El rabino venido de Paris me dijo que era un auténtico “mensch”, una persona integra de pies a cabeza. Por supuesto, me llenó de orgullo el comentario, aunque no lo merezco en lo más mínimo. Además, lo dijo delante de la persona que más quiero en la comunidad, la cual asintió completamente. Todo un “mensch”, ¡qué honor más grande!
¿Qué diría ahora de mí? Después del 7 de octubre las cosas han cambiado. No puedo defender la injusticia en nombre de ninguna afiliación o raíces ancestrales. 40.000 muertos callan todas las bocas, denuncian todas las ideas, apagan todos los ideales de Tierras Santas, ridiculizan nuestros logros como civilización.
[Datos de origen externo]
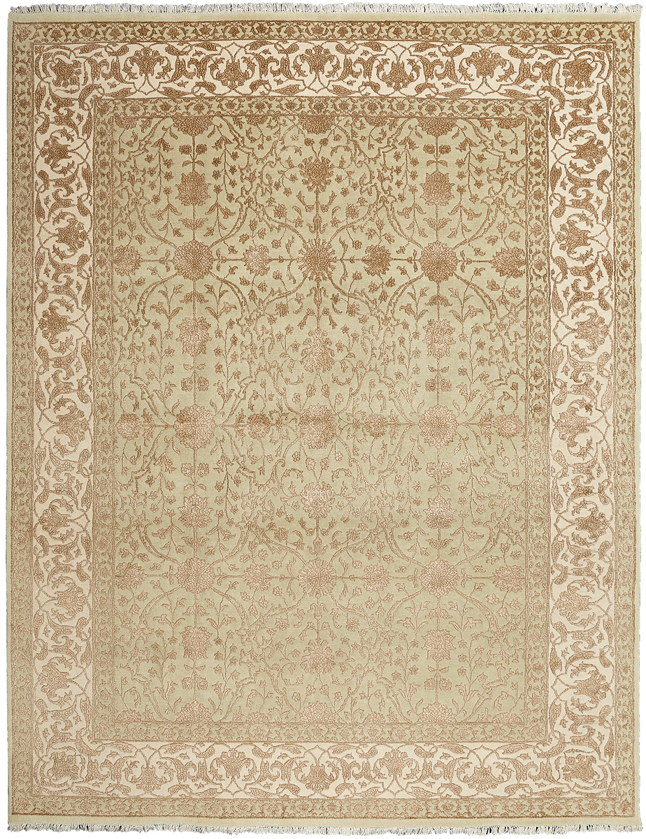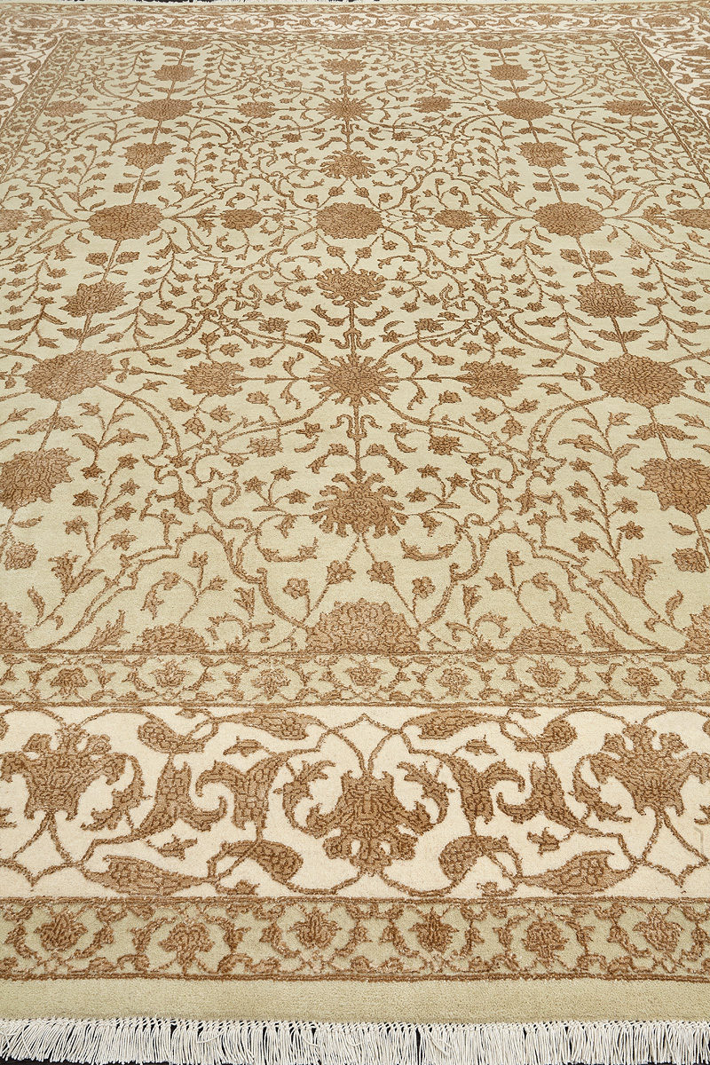 Более пяти веков назад в городе Агра зародилась знаменитая индийская школа ковроткачества, прославившаяся не меньше, чем расположенный здесь же Тадж-Махал. Мощное персидское влияние, помноженное на местный колорит, привело к появлению оригинальных орнаментов с богатыми растительными узорами — причудливым цветам, ветвям и листьям, разбросанным по всему полю ковра.
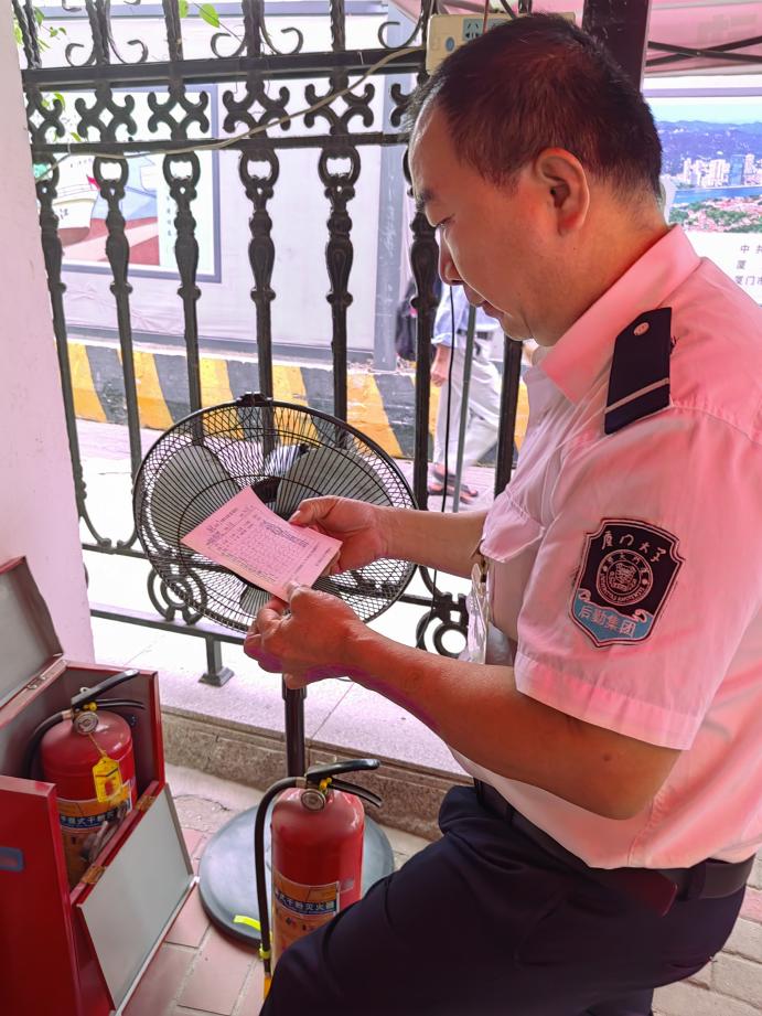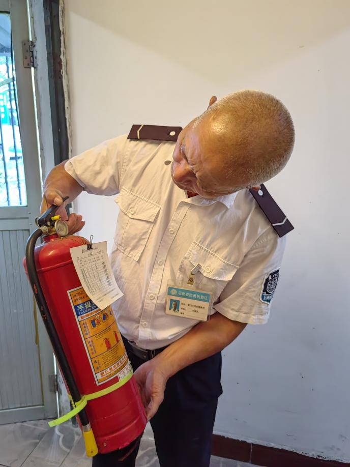 对校门值班室的灭火器等消防设施进行检查,消除消防安全隐患,筑牢校门安全屏障。

No queda nada qué defender excepto personas con nombres y apellidos. Personas valientes de todos los bandos capaces de ser justos, buenos, compasivos…, auténticos “mensch” de estos tiempos violentos.
El rabino me tiraría de las orejas por haber perdido el norte. Estos meses y este dolor han estremecido mis cimientos. Ya no sé si soy hijo de Judá o hijo de Omar. No sé si adorar a Adonai o rendirme ante Allah. Mi conciencia está en llamas, mi corazón vive atormentado. ¿Qué ha sido del hombre bueno? Sigue aquí, por alguna parte, intentando avanzar en este difícil equilibrio.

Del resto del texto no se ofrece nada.